Faith is the realization of what is hoped for and evidence of things not seen. Because of it the ancients were well attested. By faith we understand that the universe was ordered by the word of God, so that what is visible came into being through the invisible. By faith Abel offered to God a sacrifice greater than Cain's. Through this he was attested to be righteous, God bearing witness to his gifts, and through this, though dead, he still speaks. By faith Enoch was taken up so that he should not see death, and "he was found no more because God had taken him." Before he was taken up, he was attested to have pleased God. But without faith it is impossible to please him, for anyone who approaches God must believe that he exists and that he rewards those who seek him. By faith Noah, warned about what was not yet seen, with reverence built an ark for the salvation of his household. Through this he condemned the world and inherited the righteousness that comes through faith.


Psalms 145(144),2-3.4-5.10-11.

Every day I will bless you; I will praise your name forever.
Great is the LORD and worthy of high praise; God's grandeur is beyond understanding.
One generation praises your deeds to the next and proclaims your mighty works.
They speak of the splendor of your majestic glory, tell of your wonderful deeds.
All your works give you thanks, O LORD and your faithful bless you.
They speak of the glory of your reign and tell of your great works,


Holy Gospel of Jesus Christ according to Saint Mark 9,2-13.

After six days Jesus took Peter, James, and John and led them up a high mountain apart by themselves.

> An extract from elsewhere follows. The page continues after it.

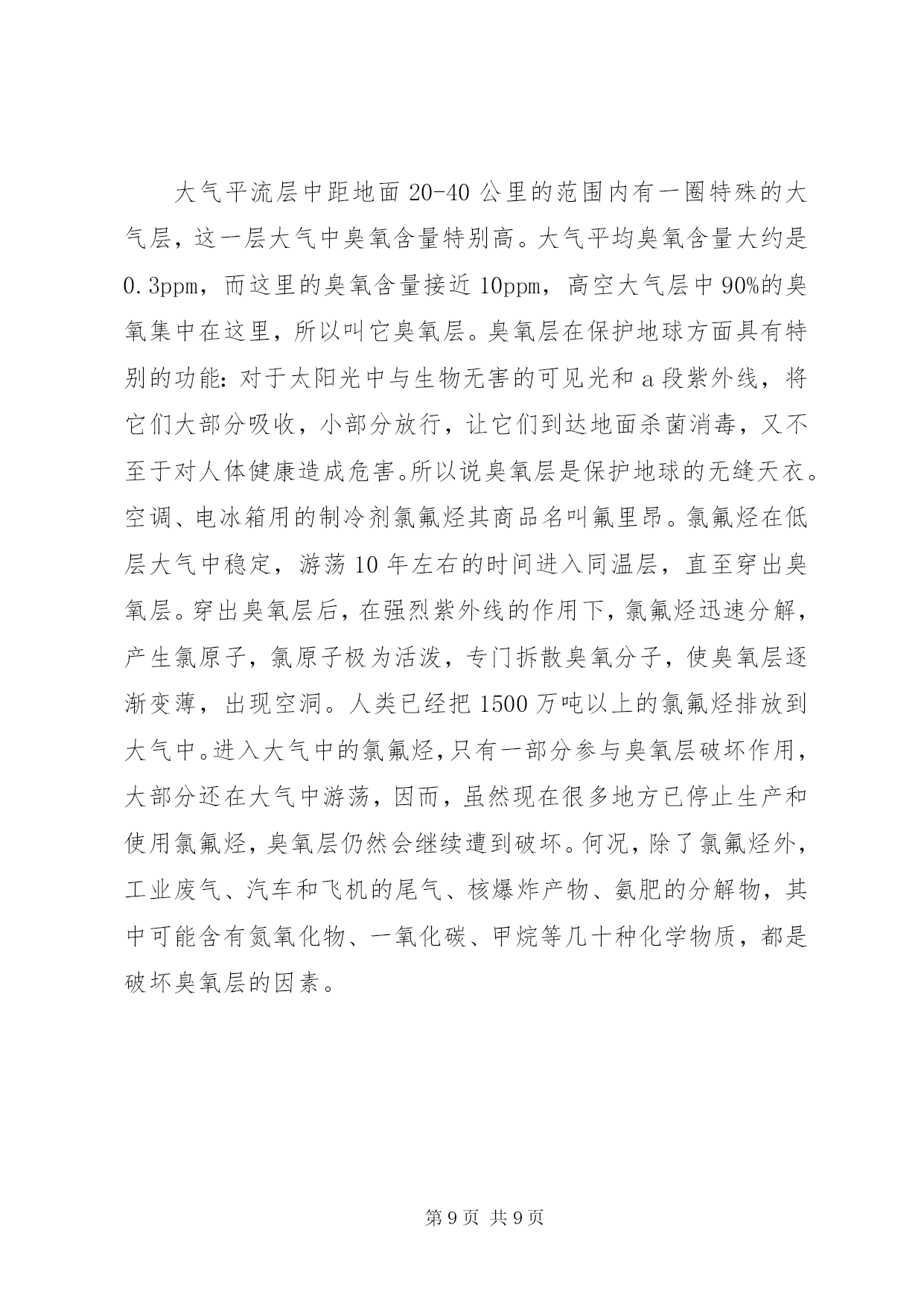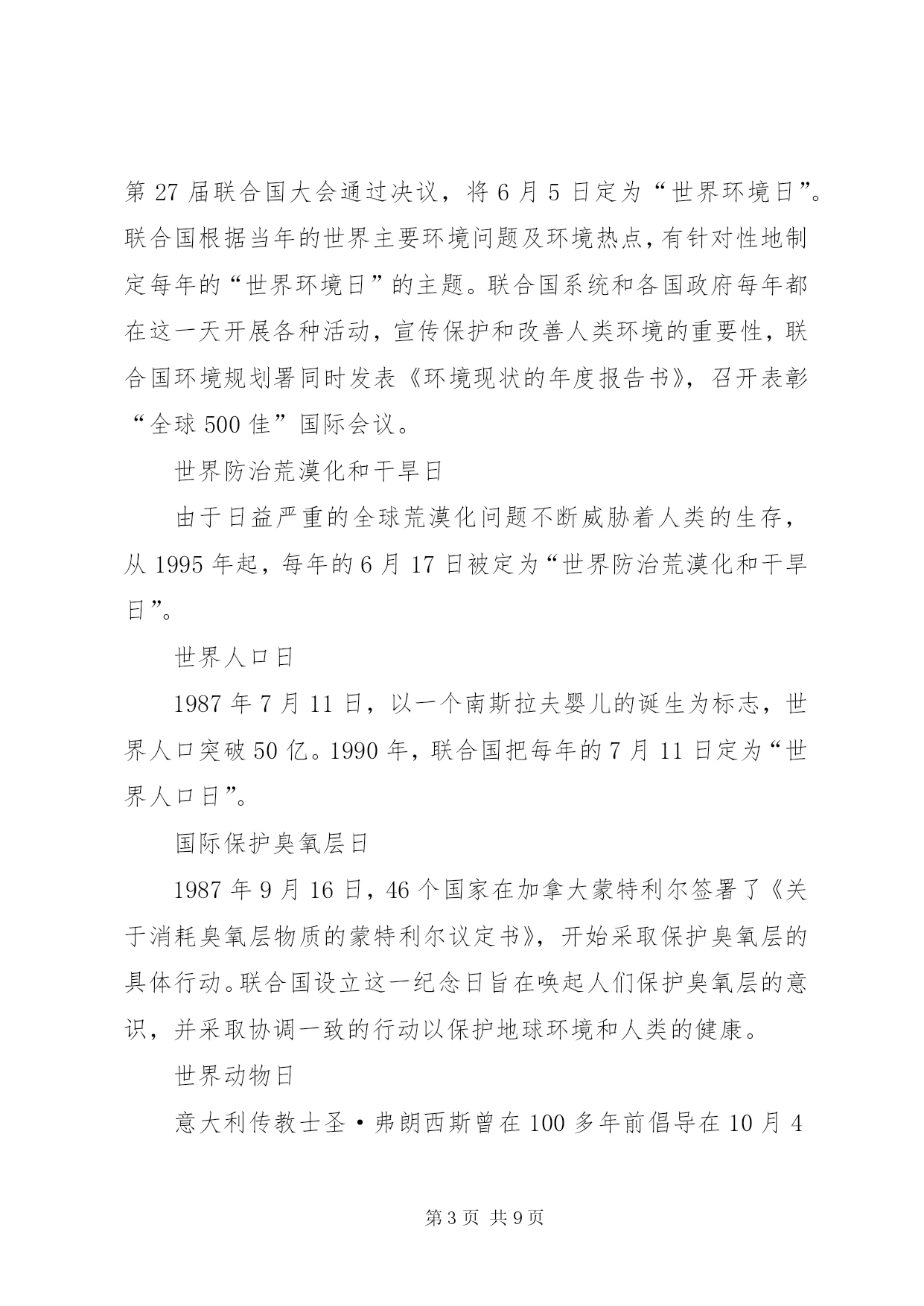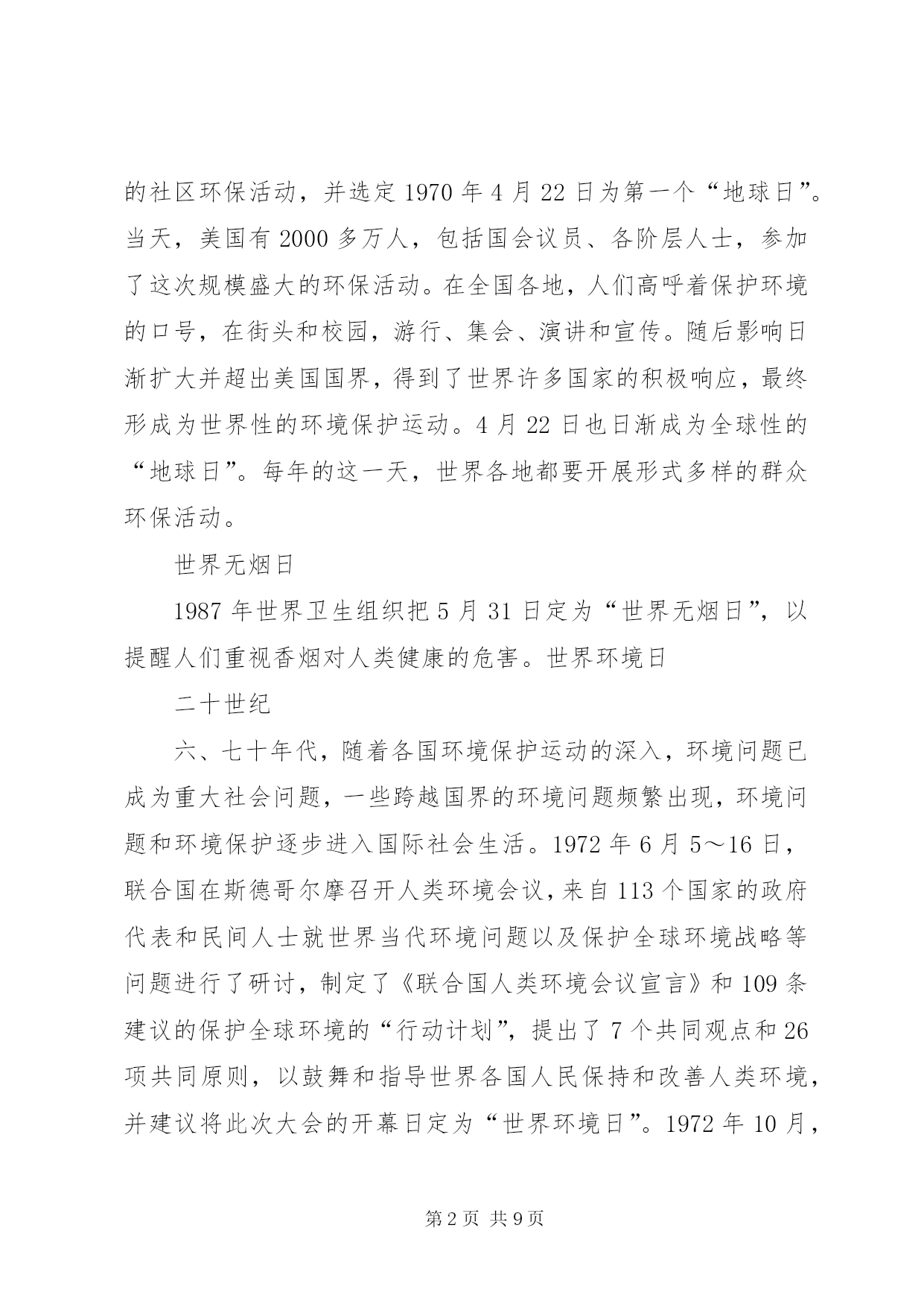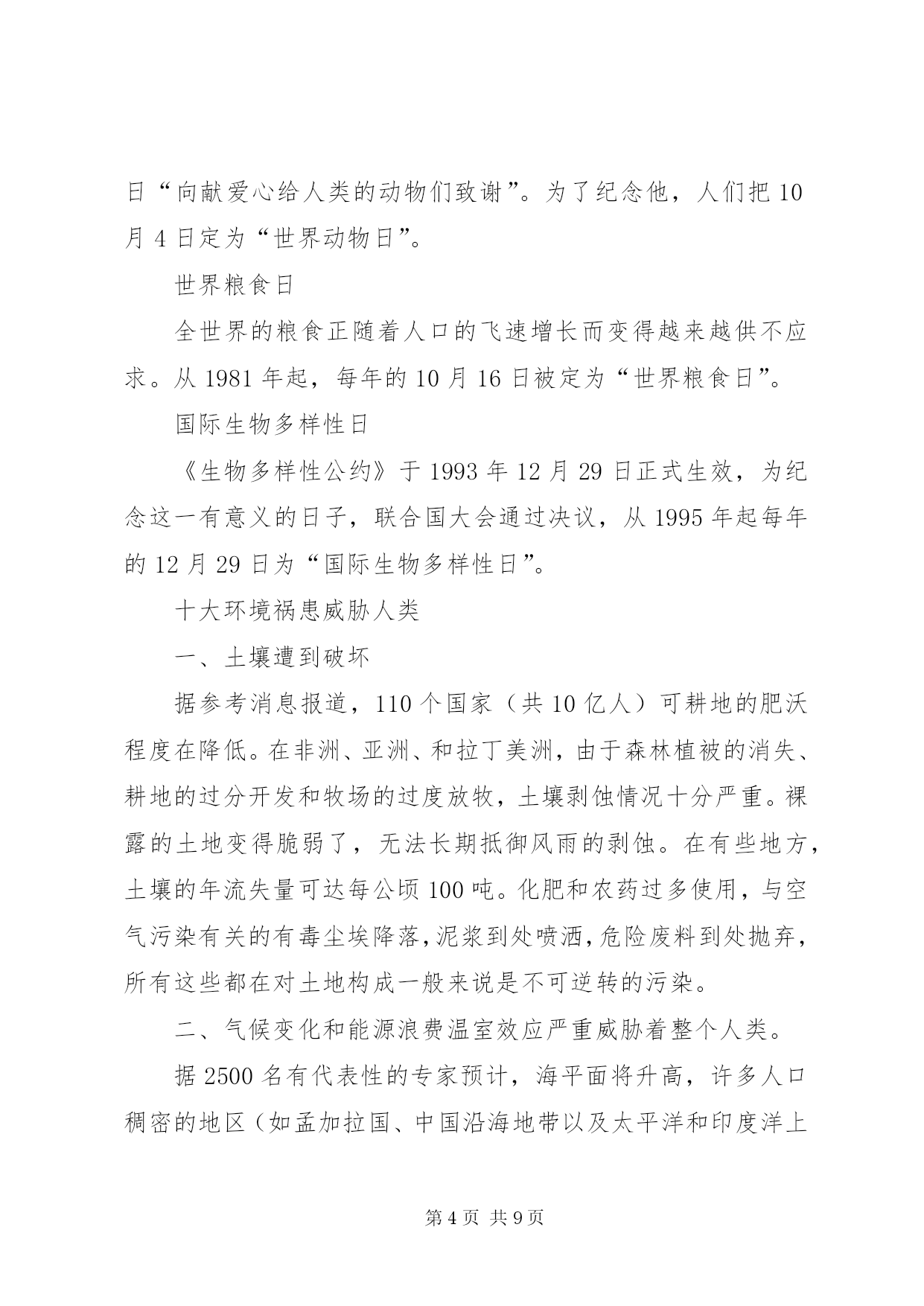 第PAGE\*Arabic\*MERGEFORMAT9页共NUMPAGES\*MERGEFORMAT9页环保相关纪念日环保纪念日国际湿地日2月2日为国际湿地日。根据1971年在伊朗拉姆萨尔(ramsar)签定的《关于特别是作为水禽栖息地的国际重要湿地公约》,湿地是指“长久或暂时性沼泽地、泥炭地或水域地带,带有静止或流动、或为淡水、半咸水、咸水体,包括低潮时不超过6米的水域”。湿地对于保护生物多样性,特别是禽类的生息和迁徙有重要的作用。世界水日1993年1月18日,第四十七届联合国大会做出决议,确定每年的3月22日为“世界水日”。决议提请各国政府根据各自的国情,在这一天开展一些具体的活动,以提高公众意识。从1994年开始,我国政府把“中国水周”的时间改为每年的3月22日至28日,使宣传活动更加突出“世界水日”的主题世界气象日1960年,世界气象组织把3月23日定为“世界气象日”,以提高公众对气象问题的关注。地球日1969年美国威斯康星州参议员盖洛德纳尔逊提议,在美国各大学校园内举办环保问题的讲演会。不久,美国哈佛大学法学院的学生丹尼斯海斯将纳尔逊的提议扩展为在全美举办大规模的社区环保活动,并选定1970年4月22日为第一个“地球日”。当天,美国有2000多万人,包括国会议员、各阶层人士,参加了这次规模盛大的环保活动。在全国各地,人们高呼着保护环境的口号,在街头和校园,游行、集会、演讲和宣传。随后影响日渐扩大并超出美国国界,得到了世界许多国家的积极响应,最终形成为世界性的环境保护运动。4月22日也日渐成为全球性的“地球日”。每年的这一天,世界各地都要开展形式多样的群众环保活动。世界无烟日1987年世界卫生组织把5月31日定为“世界无烟日”,以提醒人们重视香烟对人类健康的危害。世界环境日二十世纪六、七十年代,随着各国环境保护运动的深入,环境问题已成为重大社会问题,一些跨越国界的环境问题频繁出现,环境问题和环境保护逐步进入国际社会生活。1972年6月5~16日,联合国在斯德哥尔摩召开人类环境会议,来自113个国家的政府代表和民间人士就世界当代环境问题以及保护全球环境战略等问题进行了研讨,制定了《联合国人类环境会议宣言》和109条建议的保护全球环境的“行动计划”,提出了7个共同观点和26项共同原则,以鼓舞和指导世界各国人民保持和改善人类环境,并建议将此次大会的开幕日定为“世界环境日”。1972年10月,第27届联合国大会通过决议,将6月5日定为“世界环境日”。联合国根据当年的世界主要环境问题及环境热点,有针对性地制定每年的“世界环境日”的主题。联合国系统和各国政府每年都在这一天开展各种活动,宣传保护和改善人类环境的重要性,联合国环境规划署同时发表《环境现状的年度报告书》,召开表彰“全球500佳”国际会议。世界防治荒漠化和干旱日由于日益严重的全球荒漠化问题不断威胁着人类的生存,从1995年起,每年的6月17日被定为“世界防治荒漠化和干旱日”。世界人口日1987年7月11日,以一个南斯拉夫婴儿的诞生为标志,世界人口突破50亿。1990年,联合国把每年的7月11日定为“世界人口日”。国际保护臭氧层日1987年9月16日,46个国家在加拿大蒙特利尔签署了《关于消耗臭氧层物质的蒙特利尔议定书》,开始采取保护臭氧层的具体行动。联合国设立这一纪念日旨在唤起人们保护臭氧层的意识,并采取协调一致的行动以保护地球环境和人类的健康。世界动物日意大利传教士圣·弗朗西斯曾在100多年前倡导在10月4日“向献爱心给人类的动物们致谢”。为了纪念他,人们把10月4日定为“世界动物日”。世界粮食日全世界的粮食正随着人口的飞速增长而变得越来越供不应求。从1981年起,每年的10月16日被定为“世界粮食日”。国际生物多样性日《生物多样性公约》于1993年12月29日正式生效,为纪念这一有意义的日子,联合国大会通过决议,从1995年起每年的12月29日为“国际生物多样性日”。十大环境祸患威胁人类一、土壤遭到破坏据参考消息报道,110个国家(共10亿人)可耕地的肥沃程度在降低。在非洲、亚洲、和拉丁美洲,由于森林植被的消失、耕地的过分开发和牧场的过度放牧,土壤剥蚀情况十分严重。裸露的土地变得脆弱了,无法长期抵御风雨的剥蚀。在有些地方,土壤的年流失量可达每公顷100吨。化肥和农药过多使用,与空气污染有关的有毒尘埃降落,泥浆到处喷洒,危险废料到处抛弃,所有这些都在对土地构成一般来说是不可逆转的污染。二、气候变化和能源浪费温室效应严重威胁着整个人类。据2500名有代表性的专家预计,海平面将升高,许多人口稠密的地区(如孟加拉国、中国沿海地带以及太平洋和印度洋上的多数岛屿)都将本水淹没。气温的升高也将对农业和生态系统带来严重影响。据预计,1990-2010年,亚洲

And he was transfigured before them, and his clothes became dazzling white, such as no fuller on earth could bleach them. Then Elijah appeared to them along with Moses, and they were conversing with Jesus. Then Peter said to Jesus in reply, "Rabbi, it is good that we are here! Let us make three tents: one for you, one for Moses, and one for Elijah." He hardly knew what to say, they were so terrified. Then a cloud came, casting a shadow over them; then from the cloud came a voice, "This is my beloved Son. Listen to him." Suddenly, looking around, they no longer saw anyone but Jesus alone with them. As they were coming down from the mountain, he charged them not to relate what they had seen to anyone, except when the Son of Man had risen from the dead. So they kept the matter to themselves, questioning what rising from the dead meant. Then they asked him, "Why do the scribes say that Elijah must come first?" He told them, "Elijah will indeed come first and restore all things, yet how is it written regarding the Son of Man that he must suffer greatly and be treated with contempt? But I tell you that Elijah has come and they did to him whatever they pleased, as it is written of him."




Commentary of the day :

John Paul II, pope from 1978 to 2005
Vita Consecrata, § 75 - Copyright © Libreria Editrice Vaticana

Contemplating and following the Transfigurated


He continually calls new disciples to himself, both men and women, to communicate to them, by an outpouring of the Spirit (cf. Rom 5:5), the divine agape, his way of loving, and to urge them thus to serve others in the humble gift of themselves, far from all self-interest. Peter, overcome by the light of the Transfiguration, exclaims: "Lord, it is well that we are here" (Mt 17:4), but he is invited to return to the byways of the world in order to continue serving the Kingdom of God:

"Come down, Peter! You wanted to rest up on the mountain: come down. Preach the word of God, be insistent both when it is timely and when it is not; reprove, exhort, give encouragement using all your forbearance and ability to teach. Work, spend yourself, accept even sufferings and torments, in order that, through the brightness and beauty of good works, you may possess in charity what is symbolized in the Lord's white garments" (Saint Augustine, Sermon 78:6).

The fact that consecrated persons fix their gaze on the Lord's countenance does not diminish their commitment on behalf of humanity; on the contrary, it strengthens this commitment, enabling it to have an impact on history, in order to free history from all that disfigures it.